Между воспитательницей и ребенком произошел следующий диалог (имя ребенка сознательно изменила):

— Ну, что, Каримчик, не будешь больше ругаться матом?

— Никогда больше не буду, — горячо отозвался малыш. — Ни за что! А то Боженька х-якнет.

Он, правда, очень старался.


…После доброго предложения сделать быстрый и безболезненный аборт я обратилась в чешскую клинику и наблюдалась там.

Разницу почувствовала. С первых шагов.

Во-первых, сразу сделали УЗИ. У нас в те времена УЗИ полагалось только избранным.

Во-вторых, во время УЗИ врач смотрел в свой монитор, а я имела возможность смотреть на свой экран, расположенный рядом с кушеткой, на которой я лежала.

Я увидела маленького, но совершенно настоящего человека, с глазками, ручками, ножками. Восемь недель беременности — совсем маленький человек. И этого человека мне предлагали уничтожить только потому, что у меня уже есть девочка и мальчик? Убить живого, маленького…

— Сердечко работает хорошо, — сказал врач.

По-чешски это звучало как нежнейшая музыка.

Слезы покатились из моих глаз.

— Помаши мамочке ручкой, лентяй, — сказал доктор маленькому человеку, чуть-чуть нажав своим прибором на мой живот.

Ребенок и правда взмахнул ручкой.

— Спит, — улыбнулся врач, явно радуясь тому, что видит на мониторе.

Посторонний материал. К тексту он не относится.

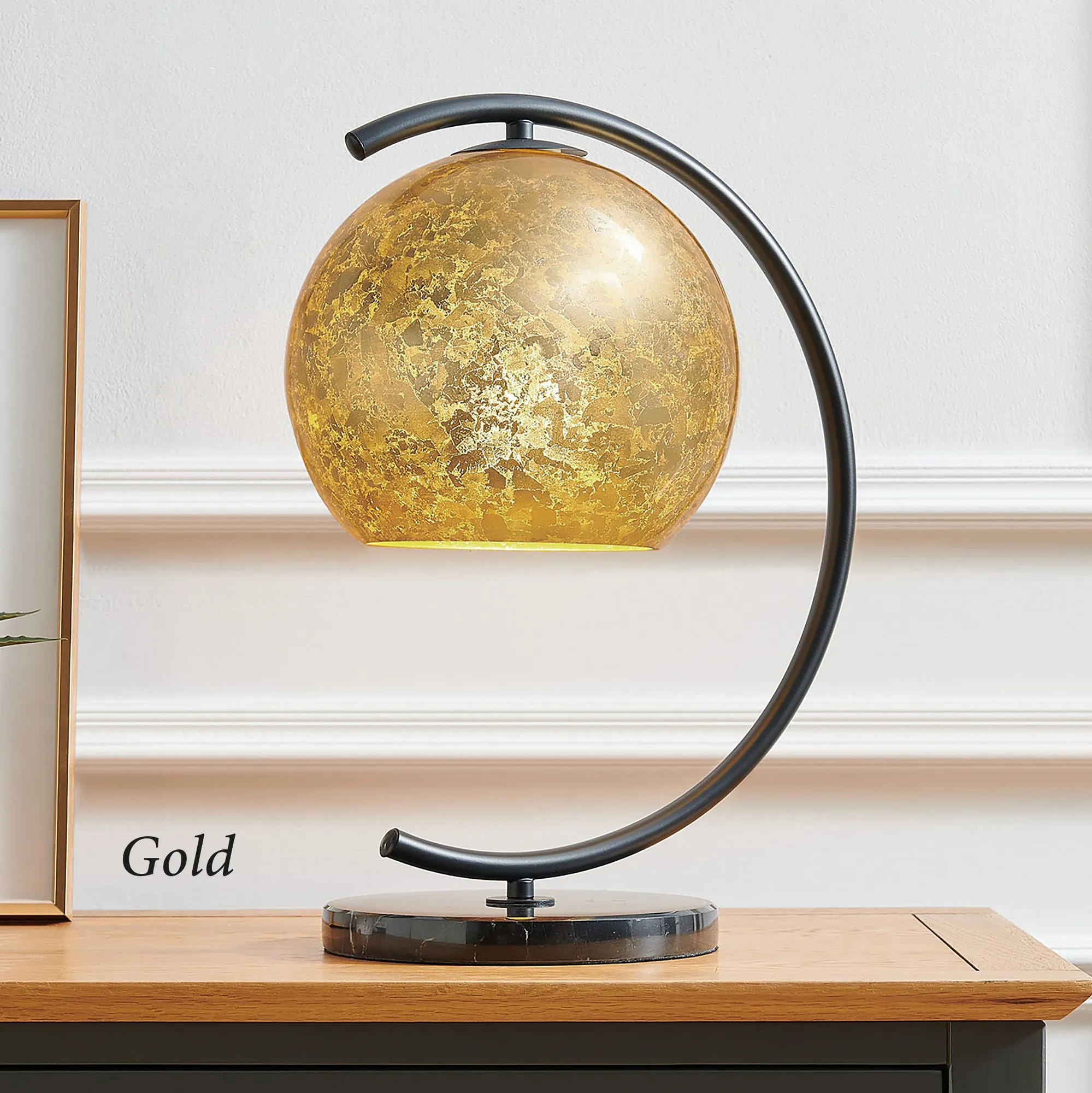 Molina Curved Table Lamp with Silver or Gold Metallic Foil Art Glass Globe Shade

Я уже любила своего человечка всем сердцем.

Позвали мужа. Он тоже умилился и пришел в восторг от вида нашего детки.

— А кто там? Мальчик или девочка? — спросили мы.

— Он еще слишком маленький, — засмеялся врач. — Приходите позже.

Началось радостное ожидание.

Помня тысячи запугиваний во время предыдущих беременностей (не пей — будет отек, не ешь подсоленную пищу — будет отек и многое другое), я и тут опасалась всего без меры.

— Доктор, очень хочется пить, а боюсь, — пожаловалась я как-то врачу.

— Так напейтесь, если хочется пить, — удивился чешский врач. — Делайте то, что вам хочется. В пределах разумного. Алкоголь и сигареты — ни-ни. Остальное — пожалуйста.

У нас запугивали. У чехов обнадеживали и подбадривали.

Существенная разница.

Моя гордость

Существенная разница.

Моя гордость

До сих пор вспоминаю и горжусь! Заявляю честно!

У нас в школе работала библиотекарем очень милая женщина. Ее сын Виталик был ровесником нашей дочки. Приехали они из Молдавии, из места, которое называлось Новые Анены. Как-то разговорились, она поведала свою ужасную историю. У нее подряд, одна за одной, скончались две дочки. Внезапная температура, жар, врачи не могли поставить диагноз… К мужу несчастной женщины подходили люди и советовали ему бросить жену: что-то с ней не в порядке, раз такое происходит.

Чудовищно работают мозги некоторых человекоподобных…

Муж, прекрасный и добрый человек, конечно же ее не бросил. Сумел выбить загранкомандировку, и оказались они в Оломоуце. Им нужно было как-то перевести дух.

Женщина была очень печальна. Никак не могла отойти от пережитого кошмара. И Виталик ее был всегда грустным и болезненным. А я по себе знала: печаль и тоска ни к чему хорошему не приведут. Они могут убить, добить… Но для жизни эти состояния никак не годятся.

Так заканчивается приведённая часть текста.